I think ideally the code should be self documenting and help
 educate other contributors about non-obvious techniques that
 we use.  So I've written a description of the technique with
 citations for future reference.
diff --git a/src/cuckoocache.h b/src/cuckoocache.h
@@ -206,6 +206,37 @@ class cache
     /** compute_hashes is convenience for not having to write out this
      * expression everywhere we use the hash values of an Element.
      *
+     * We need to map the 32-bit input hash onto a hash bucket in a range [0, size) in a
+     *  manner which preserves as much of the hash's uniformity as possible.  Ideally
+     *  this would be done by bitmasking but the size is usually not a power of two.
+     *
+     * The naive approach would be to use a mod -- which isn't perfectly uniform but so
+     *  long as the hash is much larger than size it is not that bad.  Unfortunately,
+     *  mod/division is fairly slow on ordinary microprocessors (e.g. 90-ish cycles on
+     *  haswell, ARM doesn't even have an instruction for it.); when the divisor is a
+     *  constant the compiler will do clever tricks to turn it into a multiply+add+shift,
+     *  but size is a run-time value so the compiler can't do that here.
+     *
+     * One option would be to implement the same trick the compiler uses and compute the
+     *  constants for exact division based on the size, as described in "{N}-bit Unsigned
+     *  Division via {N}-bit Multiply-Add" by Arch D. Robison in 2005. But that code is
+     *  somewhat complicated and the result is still slower than other options:
+     *
+     * Instead we treat the 32-bit random number as a Q32 fixed-point number in the range
+     *  [0,1) and simply multiply it by the size.  Then we just shift the result down by
+     *  32-bits to get our bucket number.  The results has non-uniformity the same as a
+     *  mod, but it is much faster to compute.

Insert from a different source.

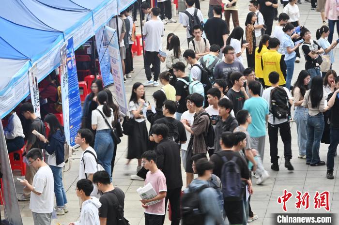 3月30日,广东广州,求职者在九游注册大学城校区图书馆广场面试。 陈楚红 摄
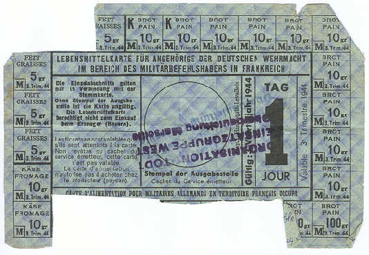 Lebensmittelmarken für Wehrmachtsangehörige im Bereich des Militärbefehehlshabers in Frankreich 3. Vierteljahr (Juli - September) 1944, gültig für Brot, Fett und Käse. Stempel der Organisation Todt, Einsatzgruppe West

More about this technique can be found at
+     *  http://lemire.me/blog/2016/06/27/a-fast-alternative-to-the-modulo-reduction/
+     *
+     * The resulting non-uniformity is also more equally distributed which would be
+     *  advantageous for something like linear probing, though it shouldn't matter
+     *  one way or the other for a cuckoo table.
+     *
+     * The primary disadvantage of this approach is increased intermediate precision is
+     *  required but for a 32-bit random number we only need the high 32 bits of a
+     *  32*32->64 multiply, which means the operation is reasonably fast even on a
+     *  typical 32-bit processor.
+     *
      * @param e the element whose hashes will be returned
      * @returns std::array<uint32_t, 8> of deterministic hashes derived from e
      */